Phenotypic switching of smooth muscle cells (SMCs) plays a key role in vascular proliferative diseases. We previously showed that Krüppel-like factor 4 (Klf4) suppressed SMC differentiation markers in cultured SMCs. Here, we derive mice deficient for Klf4 by conditional gene ablation and analyze their vascular phenotype following carotid injury. Klf4 expression was rapidly induced in SMCs of control mice after vascular injury but not in Klf4-deficient mice. Injury-induced repression of SMC differentiation markers was transiently delayed in Klf4-deficient mice. Klf4 mutant mice exhibited enhanced neointimal formation in response to vascular injury caused by increased cellular proliferation in the media but not an altered apoptotic rate. Consistent with these findings, cultured SMCs overexpressing Klf4 showed reduced cellular proliferation, in part, through the induction of the cell cycle inhibitor, p21(WAF1/Cip1) via increased binding of Klf4 and p53 to the p21(WAF1/Cip1) promoter/enhancer. In vivo chromatin immunoprecipitation assays also showed increased Klf4 binding to the promoter/enhancer regions of the p21(WAF1/Cip1) gene and SMC differentiation marker genes following vascular injury. Taken together, we have demonstrated that Klf4 plays a critical role in regulating expression of SMC differentiation markers and proliferation of SMCs in vivo in response to vascular injury.

Figure 1

Induction of Klf4 expression following vascular injury was abolished in conditional Klf4-deficient mice. A, Experimental protocol showing the timing of 4-OHT injection, ligation injury, and harvesting tissues.

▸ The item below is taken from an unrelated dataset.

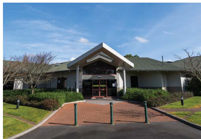
Council offices and libraries will extend the close down period slightly this year

B, After completion of 4-OHT injection IP 10 times, recombination of the Klf4^loxP allele was examined by Southern blotting in the aorta of ERT-Cre⁺/Klf4^loxP/loxP (Klf4 KO) mice and ERT-Cre⁻/Klf4^loxP/loxP (control) mice. C, Expression of Klf4 and GAPDH protein was determined by Western blotting in the lung of Klf4 KO and control mice. *P<0.05 compared with control (n=4). D, Expression of Klf4 mRNA was determined by real-time RT-PCR in the colon of Klf4 KO and control mice. *P<0.05 compared with control (n=5). E, Injury-induced changes in expression of SM α-actin and Klf4 were determined by real-time RT-PCR in the carotid arteries of wild-type mice. The ratios of the right injured artery to the left uninjured artery are shown (n=3). *P<0.05 compared with Klf4 expression at day 0, #P<0.05 compared with SM α-actin expression at day 0. F, Klf4 expression was examined by immunohistochemistry in the carotid arteries of Klf4 KO and control mice at day 3 after injury. Representative pictures are shown from 4 mice analyzed per each genotype. Bar: 20 μm.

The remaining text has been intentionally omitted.